A GPS-reflections receiver that computes Doppler/delay maps in real time

This paper describes a new instrument that was specially designed and developed to gather global positioning system (GPS) signals after they have been reflected from suitable surfaces (sea, ice, and ground), for Earth remote sensing. The device has been called the GPS open-loop differential real-time receiver (GOLD-RTR). Its main and most innovative feature is its computation and storage, in real time, of complex-valued (I and Q) cross correlations (waveforms) between GPS L1-C/A signals-received directly and after reflection-and the corresponding models of these signals. Particularly, the GOLD-RTR schedules consecutive coherent integration time slots of 1 ms over which ten parallel correlation channels, with 64 lags each, work simultaneously and continuously with the input raw data sampled at 40 MHz.
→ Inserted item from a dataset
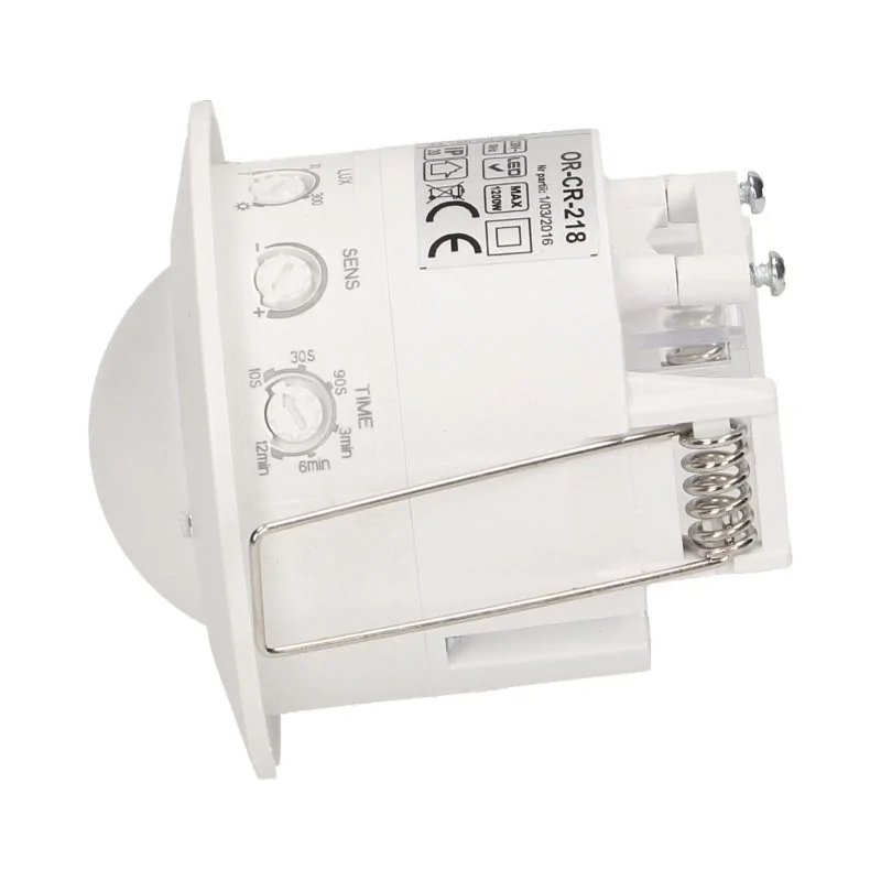 Mikrofalowy (radarowy) czujnik ruchu OR-CR-218, przystosowany do montażu w sufitach podwieszanych, jest aktywnym detektorem ruchu, który wysyła fale elektromagnetyczne wysokiej częstotliwości (5,8GHz) i odbiera ich echo. Czujnik wykrywa zmiany w echu, wywołane nawet najmniejszym poruszeniem w obserwowanym obszarze. Jest to produkt marki ORNO o niewielkiej emisji mocy <0,2mW. Potencjometry do regulacji: czasu świecenia, zasięgu wykrywania ruchu i czułości natężenia światła. Detekcja ruchu przez szkło, tworzywa sztuczne, płyty kartonowo-gipsowe, brak wpływu temperatury na detekcję. Czujnik współpracuje z oświetleniem LED-owym. Produkt objęty jest trzyletnią gwarancją producenta.

The total throughput is 10 000 waveforms per second, each waveform being 64 lags long. These real-time correlation resources can be flexibly distributed in several configurations according to the observational requirements, for instance: Doppler/delay maps or up to ten simultaneous reflected waveforms for ten different GPS satellites are examples of what can be done. The further processing of the real-time computed 1-ms waveforms in a flight campaign over the ocean, ice, or ground can be used to obtain geophysical parameters such as sea level and tides, sea surface mean-square slopes, ice roughness and thickness, soil moisture and biomass, or future applications. This paper covers the GOLD-RTR architecture and hardware, signal processing and data storage issues, machine-user interface, laboratory readiness tests, and waveform data samples from the first two jet aircraft campaigns at 9300 in over the sea.